__EXERCISE DIRECTIONS__. Beginning with the line that holds "The results of", copy each line through the end of the material below, exactly and with no pictures.

__COLLECTED MATERIAL__.

• • •

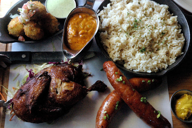 Then, you're just about ready for The Smokehouse Platter (P 1,150), a sumptuous feast for two or three with Smoked Fried Chicken served with Jambalaya Sauce, Char-Grilled Texas Links with a side of mustard, Golden Chipotle Cheese Balls and Rice. It's a feast for two or even three, offering a variety of flavors on a large wooden chopping board.
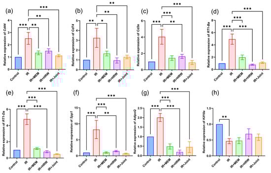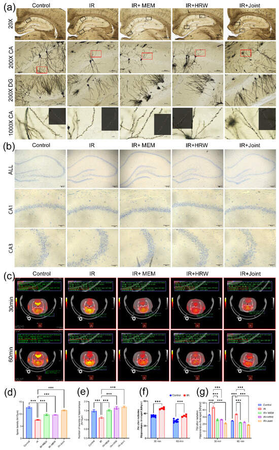 The results of Nissl staining revealed a significant reduction in neuronal numbers in the IR group, with neurons exhibiting a loose arrangement. In contrast, the intervention groups (IR + memantine, IR + HRW, and IR + Joint) showed marked improvements, as shown in Figure 4b. Quantitative analysis of neurons in the CA1 region demonstrated that the control group, IR + memantine group, IR + HRW group, and IR + joint group had significantly higher neuronal counts per unit length compared to the IR group, with statistically significant differences (p < 0.001). Notably, the IR + Joint group showed the most significant improvement, as shown in Figure 4e.
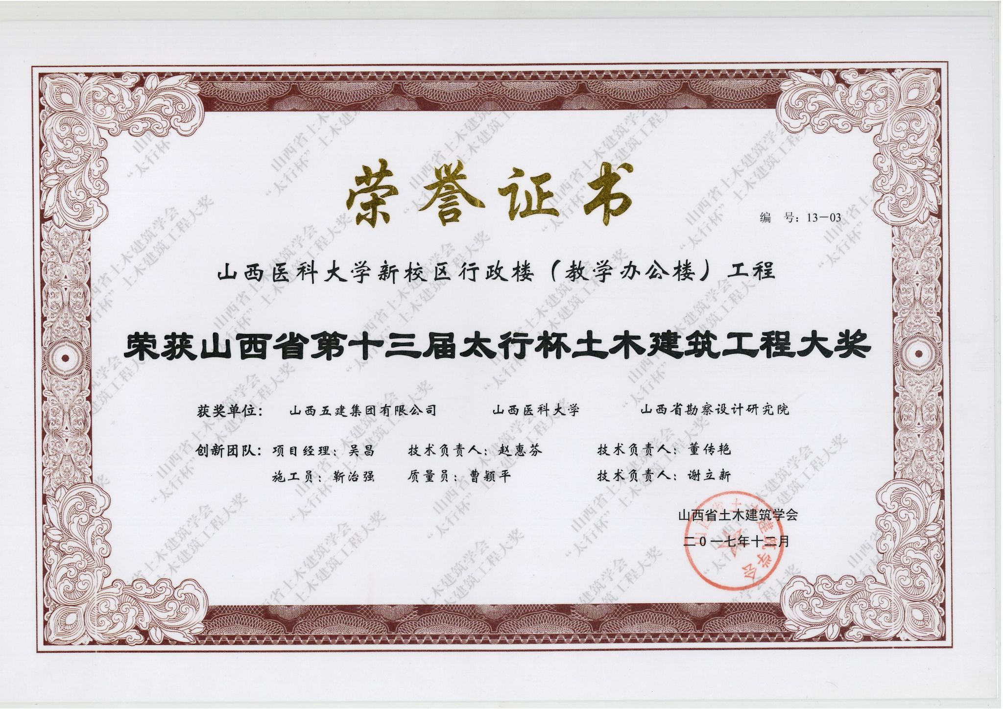 第十三届:山西医科大学新校区行政楼(教学办公楼)工程
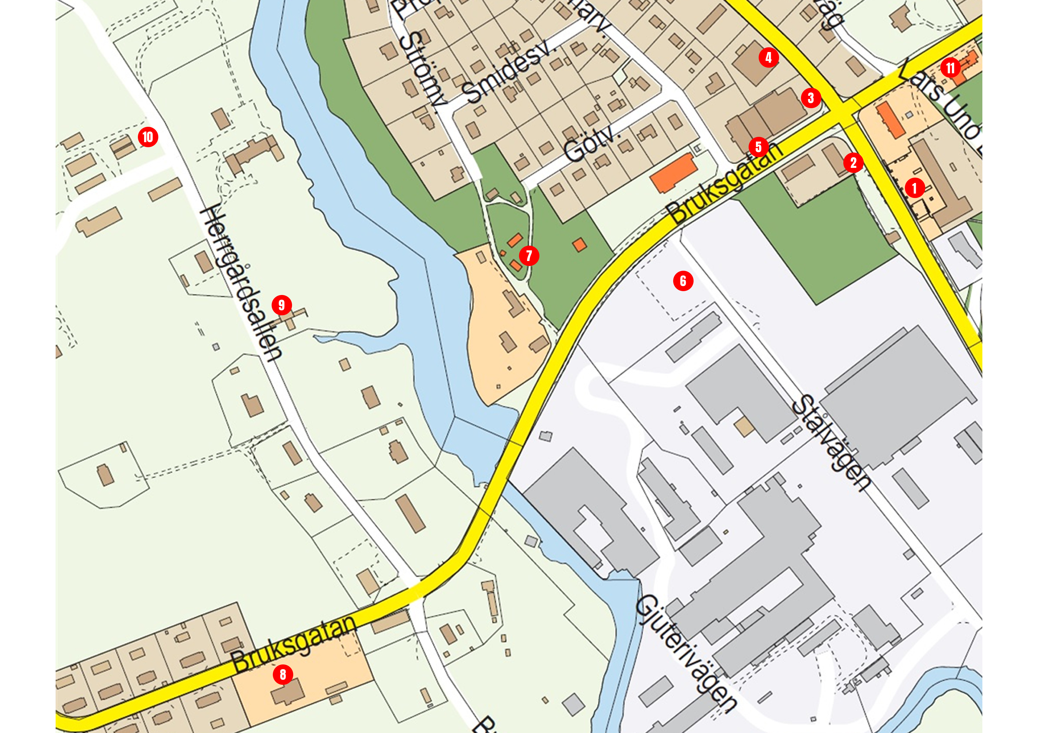 Marknadsförsäljning: Torget, Broskolan, Kafé Ritz, Torpet, Bruksparkeringen (Kafé Ritz Hjulträff), f d Sparbankskontret,Orangeriet och Wiborgs gårdsbutik.

• • •

__RESULT__.
 The results of Nissl staining revealed a significant reduction in neuronal numbers in the IR group, with neurons exhibiting a loose arrangement. In contrast, the intervention groups (IR + memantine, IR + HRW, and IR + Joint) showed marked improvements, as shown in Figure 4b. Quantitative analysis of neurons in the CA1 region demonstrated that the control group, IR + memantine group, IR + HRW group, and IR + joint group had significantly higher neuronal counts per unit length compared to the IR group, with statistically significant differences (p < 0.001). Notably, the IR + Joint group showed the most significant improvement, as shown in Figure 4e.
 第十三届:山西医科大学新校区行政楼(教学办公楼)工程
 Marknadsförsäljning: Torget, Broskolan, Kafé Ritz, Torpet, Bruksparkeringen (Kafé Ritz Hjulträff), f d Sparbankskontret,Orangeriet och Wiborgs gårdsbutik.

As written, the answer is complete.